Some studies found that blanket policies fail to reflect the complex realities and trade-offs (Holt et al., 2016). The consultation workshops generated more practical insights to this literature. First, underlying causes of farmers’ reluctance, such as control over resources, are rarely addressed and instead generally “solved” by training and sensitization. For example, tenure insecurity is known to restrict smallholder farmers’ longer-term investments in diverse perennial farming systems (Borelli et al., 2019). Second, existing governance barriers, such as rigid policies and institutional silos, were overlooked in many studies. Such barriers can demotivate both decisionmakers and grassroot initiatives. For example, a structured analysis within seven Indonesian government institutions identified broad gaps and inconsistencies for institutionalizing valuation into policy (Phelps et al., 2017). Third, the workshop participants were largely in agreement that sufficient, stable and long-term support was lacking at the landscape-scale NBS across Asia. Exemplifying the importance of this as a precondition included Vietnam’s national PES policy, which after almost a decade of implementation still has difficulties reaching impact at scale. Among the reasons raised were that no compliance is required, and the net benefits are so low (fixed, non-negotiable compensation) that often only community-based payments are viable to payout. Moreover, while community compensation is often preferred by the poorer households, this is unlikely to motivate adopters in the long run if living standards improve. Incentives and policies to change from short to long-term sustainable behaviors are urgently needed, notably from government or companies buying the products.
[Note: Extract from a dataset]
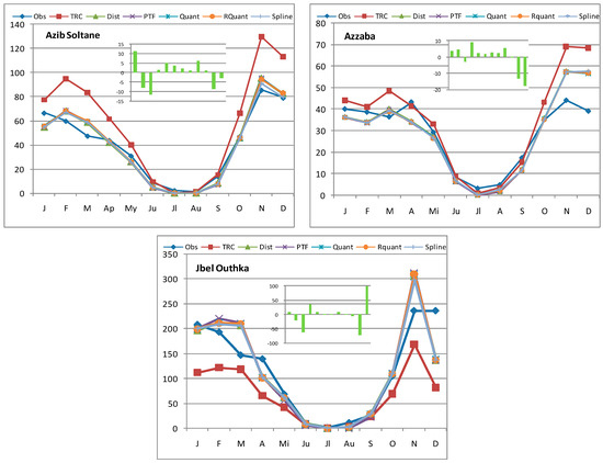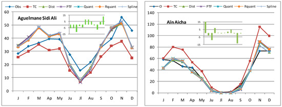 After the correction of the bias by the five quantile methods, we note their significant correction efficiency, which, however, varies across the stations, with no one method being clearly better than the others. Thus, we calculated the average of the monthly precipitations estimated by the five methods that we compared with the observed values. The results are presented in the form of histograms inside the figures (Figure 3). Negative deviations indicate underestimation by bias correction methods, while positive deviations show the opposite. For the first four stations, the maximum deviations are +/−15 mm, while they are between -70 and +100 mm for the Jbel Outhka station. This large difference is explained by the smaller scale pluviometric contributions that this mountain station receives compared to the others.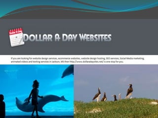 This document advertises Dollar A Day Websites as a one-stop shop for various web development and digital marketing services located in Jackson, MS, including website design, ecommerce websites, hosting, SEO, social media marketing, animated videos, and texting. It provides their phone number, website, and email for contact information.

The Uganda case suggested, that since PES compensations are generally low and may be subject to changing compensation levels, (wealthier) farmers who do not need payments, should not receive them even if they make interventions (Geussens et al., 2019). Decision support tools seem to be used in the initial stages of research projects, while the review gave little evidence for them becoming permanently integrated in decision processes. Four papers concerned tools for negotiating human-environmental-governance relationships, typically trade-off models for anticipating or assessing policy impacts on ecosystems (Rega et al., 2018; Karabulut et al., 2019).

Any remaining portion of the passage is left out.